DBS’ partnership with the digital company was a success. Jay’s back on his feet and the company is up and running again and this time, better than before. The two shops I’ve invested in weren’t sold and were doing good than ever. Jay was really happy with the strategies I’ve laid down and I felt like I really did something good. I mean hello? A commendation from a Harvard graduate, known in his industry and I genuinely believe it’s not because I’m his girlfriend or anything. We actually decided separate professional and personal life and so we agreed not to work together and we knew it’s for the best so I remained to where I was working. At some days, I would visit and just check up on him. He was back to being the Jay I remember. The professional and business like person that he was but the difference was, this time, he was mine. There were things I guess that would just remain between the two of us. He was very clingy. I think it was his alter-ego but I don’t mind. He was only like that when it’s just us together. There was a time when he was the last one in the office and I came by to bring him dinner. He was slumped inside the conference room. One thing about him that I also like is his humility. He doesn’t want his own table or his own room. Since he was always in meetings outside, he would just stay inside the conference room when no one is using it. Or at times share a desk with the other staff. I kept on insisting he get his own mini spot but he kept on saying that he doesn’t want his employees to think he’s the supreme or anything similar. The corporate structure was linear. Everyone works for one another and that’s the kind of attitude that made me apply with them in the first place. I sat beside him and opened the take out I ordered. He sighed and smiled and just leaned beside me and gave me a quick kiss. I know he’s tired.
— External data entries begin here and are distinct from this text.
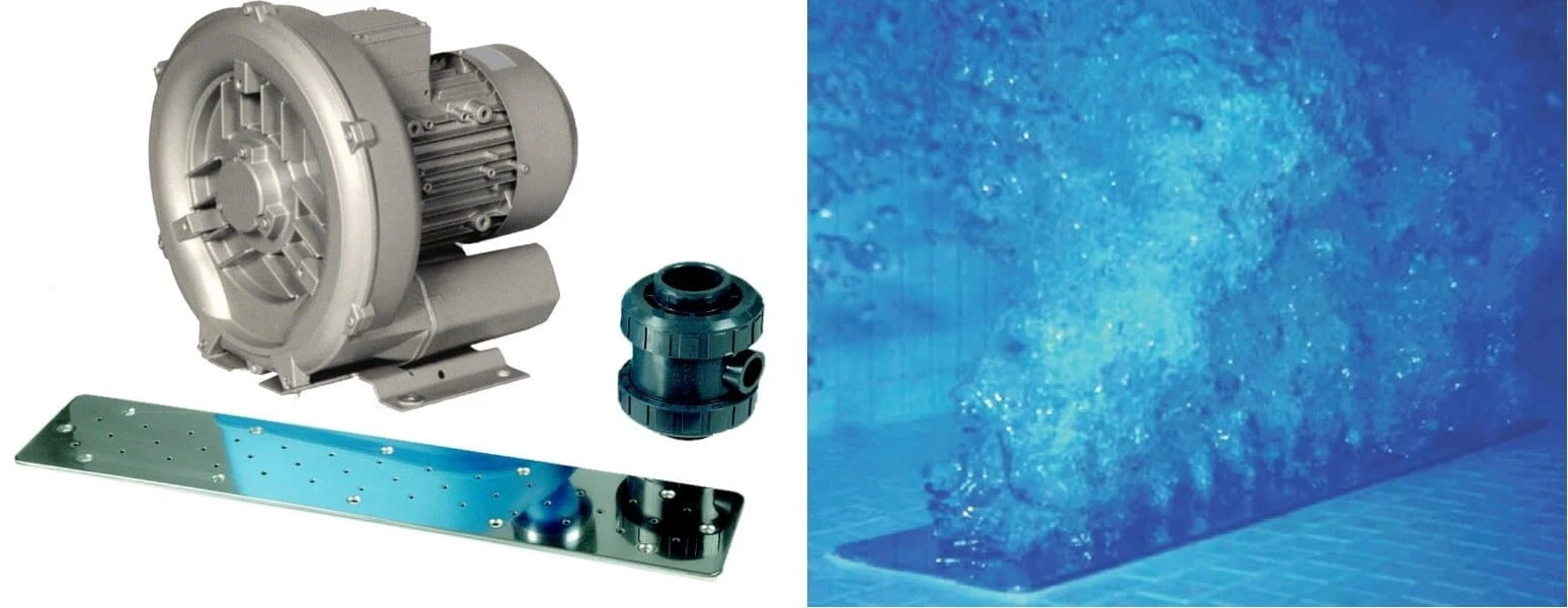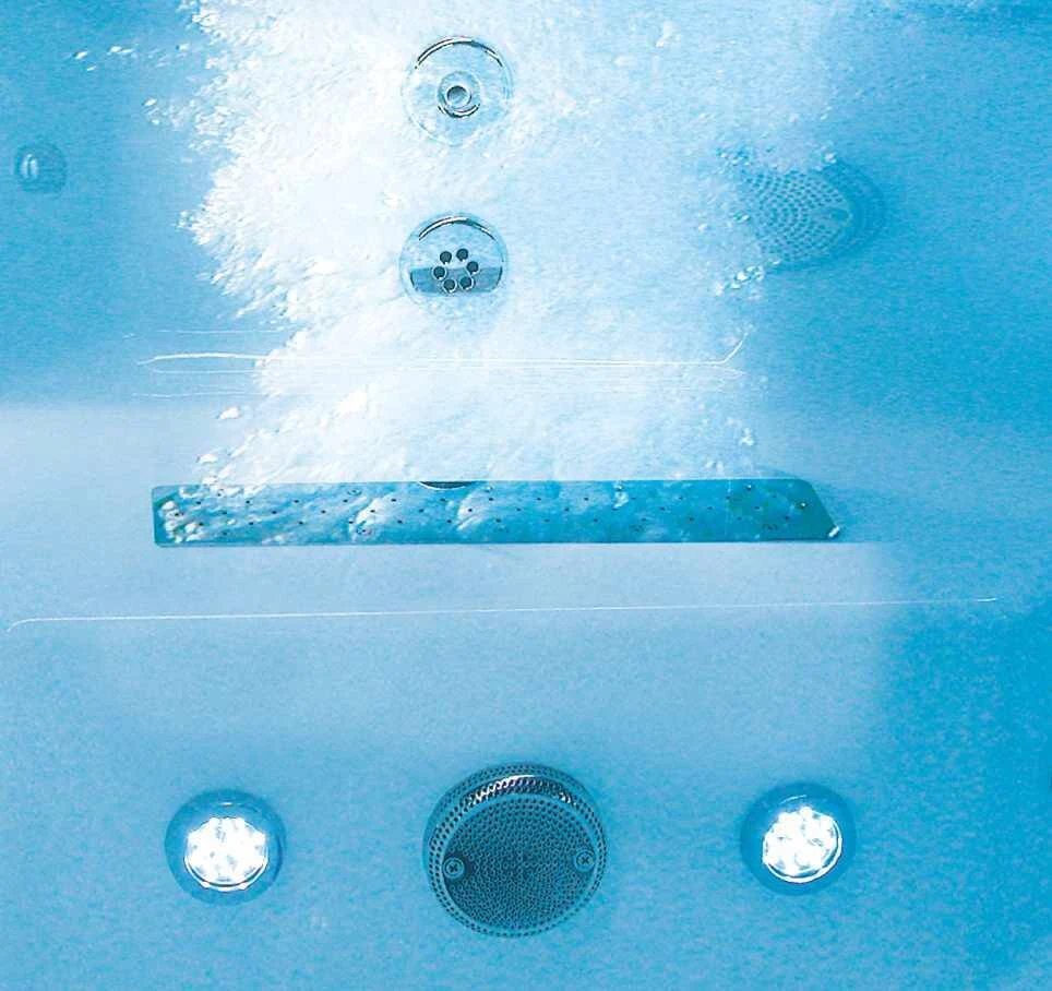 Uruchamiane z basenu daje wspaniały efekt masażu i kąpieli z pęcherzykami powietrza. Uaktywniony system powietrza daje uczucie lekkości i odprężenia. Pokrywa wykonana z polerowanej stali najwyższej jakości A4, stanowi dodatkowe upiększenie basenu.
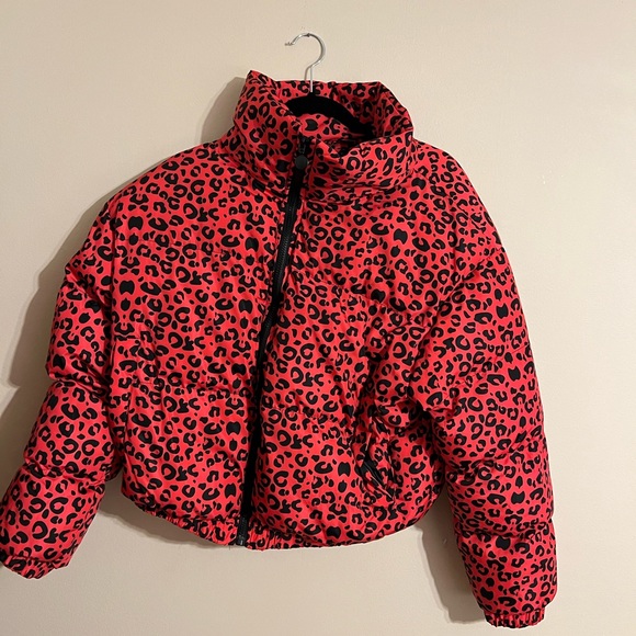 Pink puffer jacket! Size L. Worn once
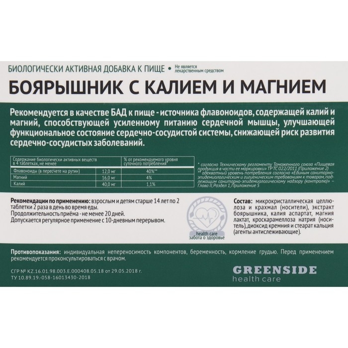 Допускается регулярное применение с 10-дневным перерывом**Состав:** микрокристаллическая целлюлоза и крахмал (носители), экстракт боярышника, калия аспартат, магния лактат, кроскарамеллоза натрия (носитель), диоксид кремния и стеарат кальция (агенты антислеживающие).
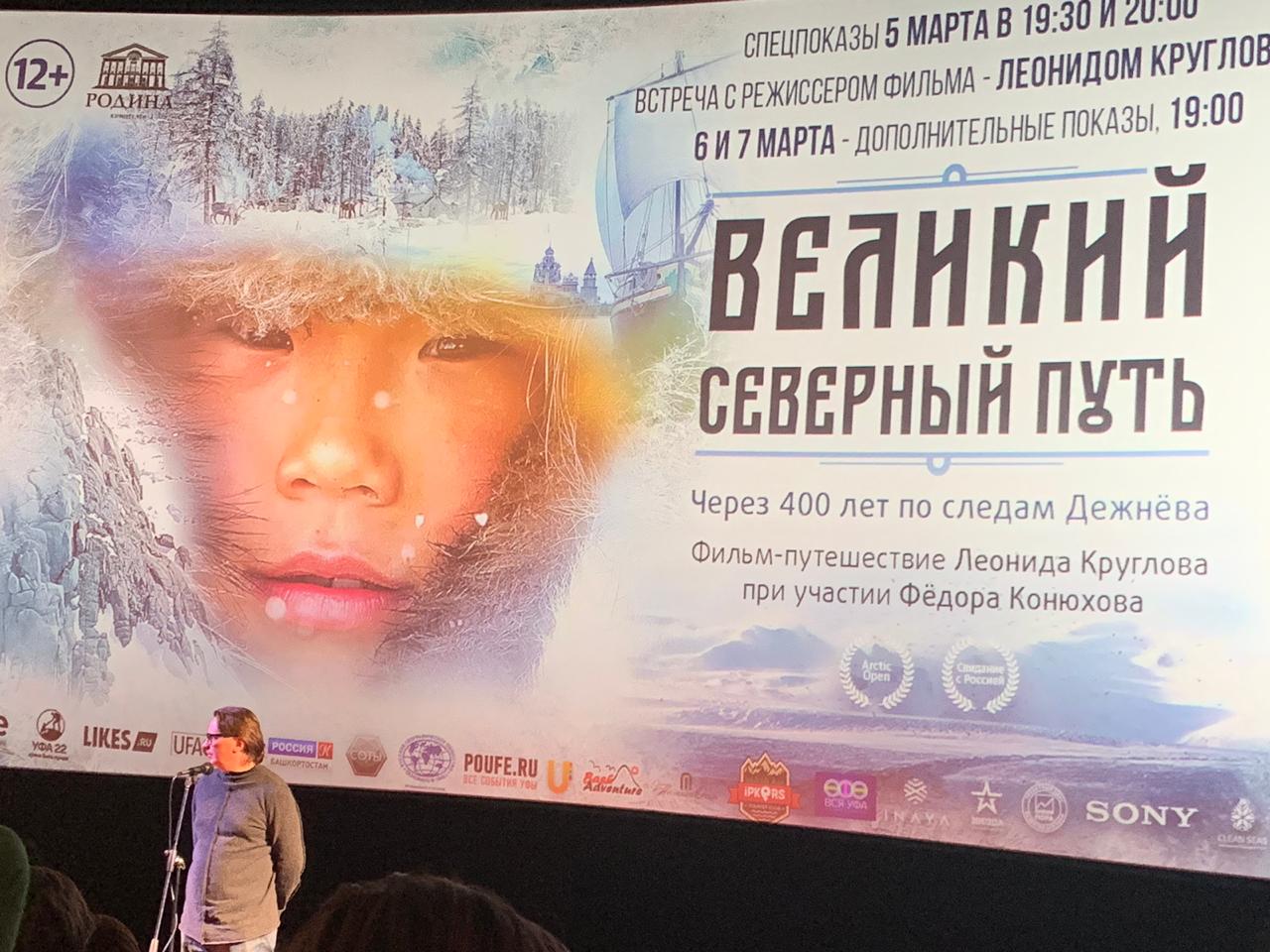 Круглов рассказал о фильме-экспедиции на край земли "Великий Северный путь". Вместе со своей командой он преодолел путь в 10 тыс. километров по российской Арктике, повторив маршрут казака-землепроходца Семёна Дежнёва. Преодолев этот километраж на собаках, оленях, лодках, вертолётах, Леонид прошёл через полюс холода от Архангельска до Берингова пролива.
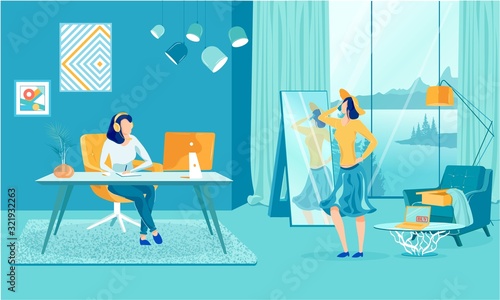 Woman ironing newborn baby clothes. Baby care concept illustration. Vector web site design template. Diaper bag with milk bottles.
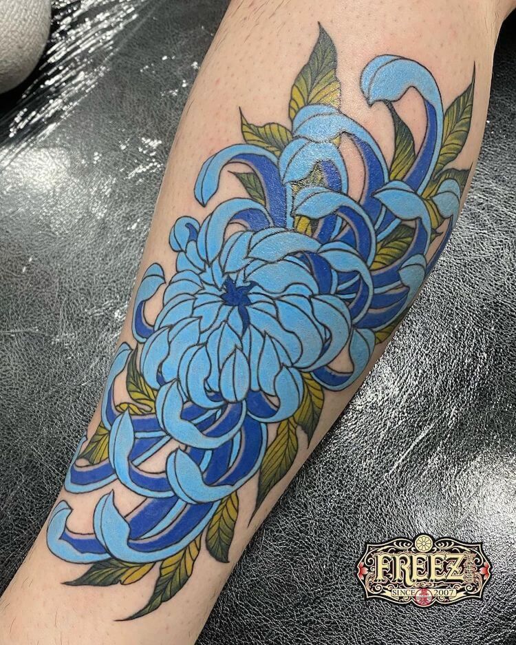 This design feels energetic and modern, almost like the flower is in motion. The cool blue petals twist and unfold with confidence, giving the tattoo a fresh, contemporary edge while still honoring traditional forms.

“Do you need help with anything?” I asked.
“Nope, just wrapping this BR.” He said.
I smiled with the thought of the BR. I was only a month old in the company and everyone was afraid of presenting the business review to Jay before and that fear was passed on to me. When the presentation day came, I was frantic and sweating bullets. I thought Jay was scary but it turns out he was not. He was just very specific and just very smart. He knows everything. That 80 slides with graphs and stats, he knows it and he can even compute it mentally. I don’t know how he does it but I swear he has an IQ greater than any person I know. And looking at his Macbook and the printed papers on the desk, I can pretty much tell and it’s like that as well. We wrapped up around 10:30 and after that, he was dead beat. He was really tired and he was practically dragging his feet down the staircase going to the parking. I decided I should drive instead. I assisted him as we walked towards the car. Despite him being tired, he was stealing kisses as we walked together. Well that’s Jay. He was my support system and I was his. Clingy, like a kid at times, but mostly he’s pretty much everything that I’ve dreamed of. And then I woke up.